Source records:
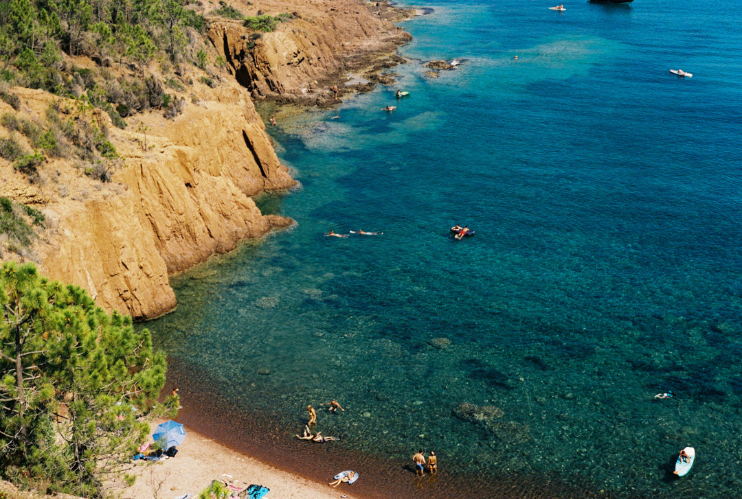 Bring the stunning beauty of Cap Roux on the Côte d'Azur into your home with this breathtaking analog photo print. Captured on Kodak Gold film, this custom print for your wall highlights the vibrant contrast between the bright blue waters of the Mediterranean and the red rocks of the coastline. People cool off in the crystal-clear sea, while the natural charm of the area shines through, perfectly embodying the idyllic summer experience of the French Riviera.
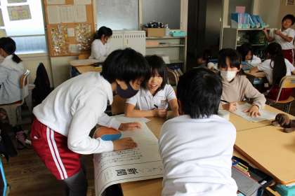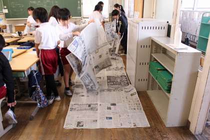算数の時間には、大きな面積の求め方について考えました。また、1平方メートルの新聞紙を使って、教室や廊下などの面積を求めました。国語の時間には、和と洋を比べることをテーマにした新聞づくりをしました。
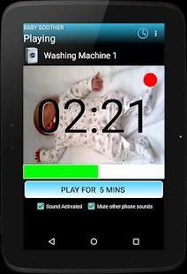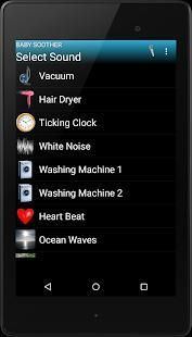 एक साथ पारंपरिक लोरी के साथ, एक हेयर ड्रायर, वॉशिंग मशीन, वैक्यूम क्लीनर, सफेद शोर और सागर की लहरों में शामिल हैं जो 13 विभिन्न सुखदायक ध्वनियों से चुनें। अपने चुने अवधि के लिए प्रत्येक ध्वनि दोहराएँ।
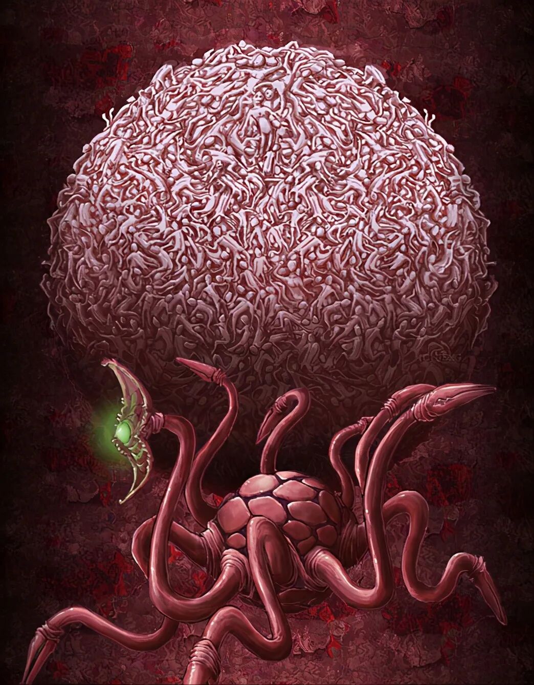 死亡军团(死人军团)是游戏中最细思极恐的BOSS,核心是一个不知道什么玩意的东西,每一代都是不同的,它会将附近所有的人类全都收集在一起,组成一个巨型的球体来保护自己。
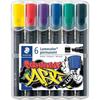 Staedtler lumocolor Box mit 6 Universal-Permanent-Filzstiften, sortierte Farben, Spitze 0,4 mm

- What you should do:
With pictures removed, write out exactly each line of the entries from the first through the line that holds "算数の時間には、大きな面積の".

- Answer for this exercise:
 Bring the stunning beauty of Cap Roux on the Côte d'Azur into your home with this breathtaking analog photo print. Captured on Kodak Gold film, this custom print for your wall highlights the vibrant contrast between the bright blue waters of the Mediterranean and the red rocks of the coastline. People cool off in the crystal-clear sea, while the natural charm of the area shines through, perfectly embodying the idyllic summer experience of the French Riviera.
算数の時間には、大きな面積の求め方について考えました。また、1平方メートルの新聞紙を使って、教室や廊下などの面積を求めました。国語の時間には、和と洋を比べることをテーマにした新聞づくりをしました。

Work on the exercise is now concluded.